Could you copy exactly the lines below from the one with "alte Postkarte Seilbahn" to the one with "Sjekk de kule", inclusive, leaving out any pictures?

---------- Material to process ----------

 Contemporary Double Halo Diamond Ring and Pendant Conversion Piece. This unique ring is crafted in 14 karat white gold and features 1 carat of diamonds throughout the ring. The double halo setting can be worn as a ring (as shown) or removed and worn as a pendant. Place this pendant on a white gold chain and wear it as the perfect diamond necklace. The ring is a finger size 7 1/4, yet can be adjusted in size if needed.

----------
---------- Material to process ----------

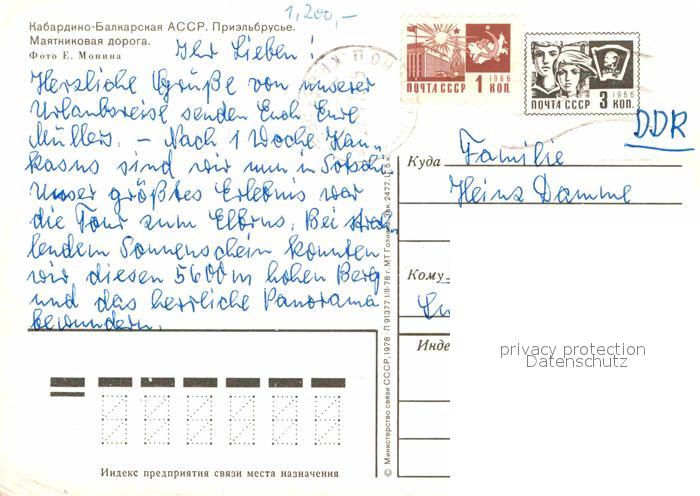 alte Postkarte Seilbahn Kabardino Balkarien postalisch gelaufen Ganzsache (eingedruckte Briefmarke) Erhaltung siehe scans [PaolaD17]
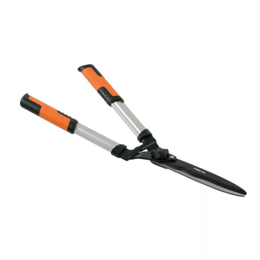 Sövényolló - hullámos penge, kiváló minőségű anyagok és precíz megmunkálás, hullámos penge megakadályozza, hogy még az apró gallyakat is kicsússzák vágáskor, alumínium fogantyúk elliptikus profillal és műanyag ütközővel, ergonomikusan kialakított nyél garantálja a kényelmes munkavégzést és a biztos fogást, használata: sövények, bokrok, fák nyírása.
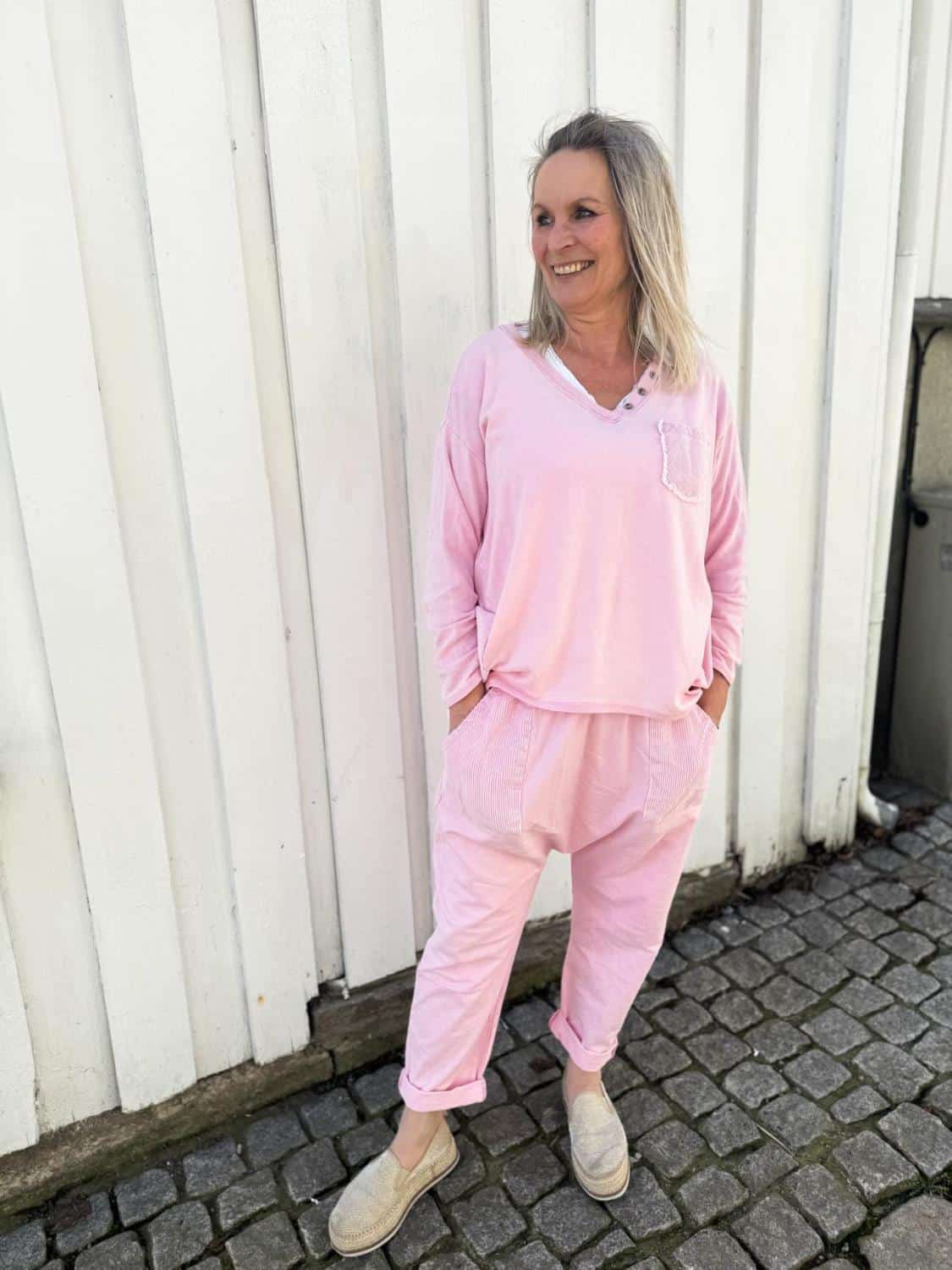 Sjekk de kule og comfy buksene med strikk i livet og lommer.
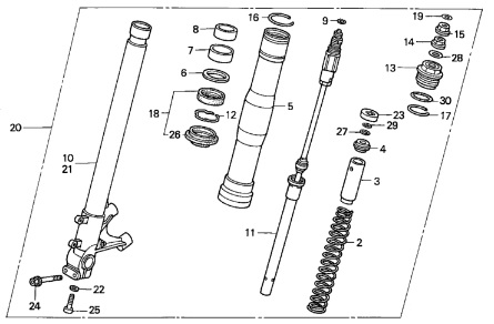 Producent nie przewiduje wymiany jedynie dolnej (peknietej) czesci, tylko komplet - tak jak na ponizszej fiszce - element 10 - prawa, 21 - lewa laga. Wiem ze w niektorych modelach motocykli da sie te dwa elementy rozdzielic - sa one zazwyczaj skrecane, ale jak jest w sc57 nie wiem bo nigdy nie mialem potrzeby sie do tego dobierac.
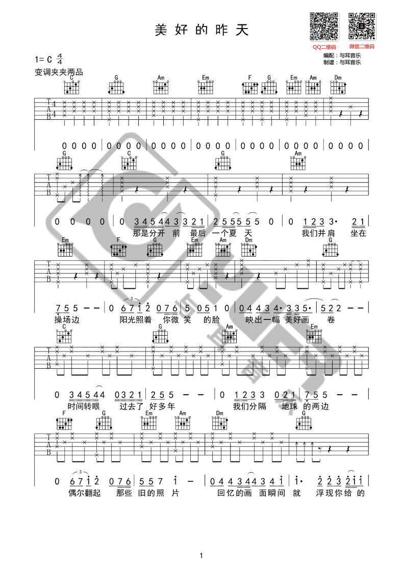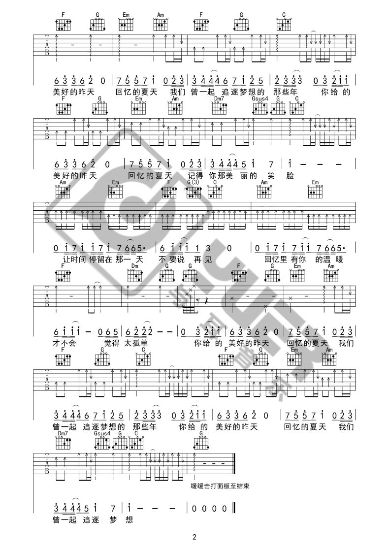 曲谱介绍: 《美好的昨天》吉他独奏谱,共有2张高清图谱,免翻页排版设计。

----------

● Solution to this task
 alte Postkarte Seilbahn Kabardino Balkarien postalisch gelaufen Ganzsache (eingedruckte Briefmarke) Erhaltung siehe scans [PaolaD17]
 Sövényolló - hullámos penge, kiváló minőségű anyagok és precíz megmunkálás, hullámos penge megakadályozza, hogy még az apró gallyakat is kicsússzák vágáskor, alumínium fogantyúk elliptikus profillal és műanyag ütközővel, ergonomikusan kialakított nyél garantálja a kényelmes munkavégzést és a biztos fogást, használata: sövények, bokrok, fák nyírása.
 Sjekk de kule og comfy buksene med strikk i livet og lommer.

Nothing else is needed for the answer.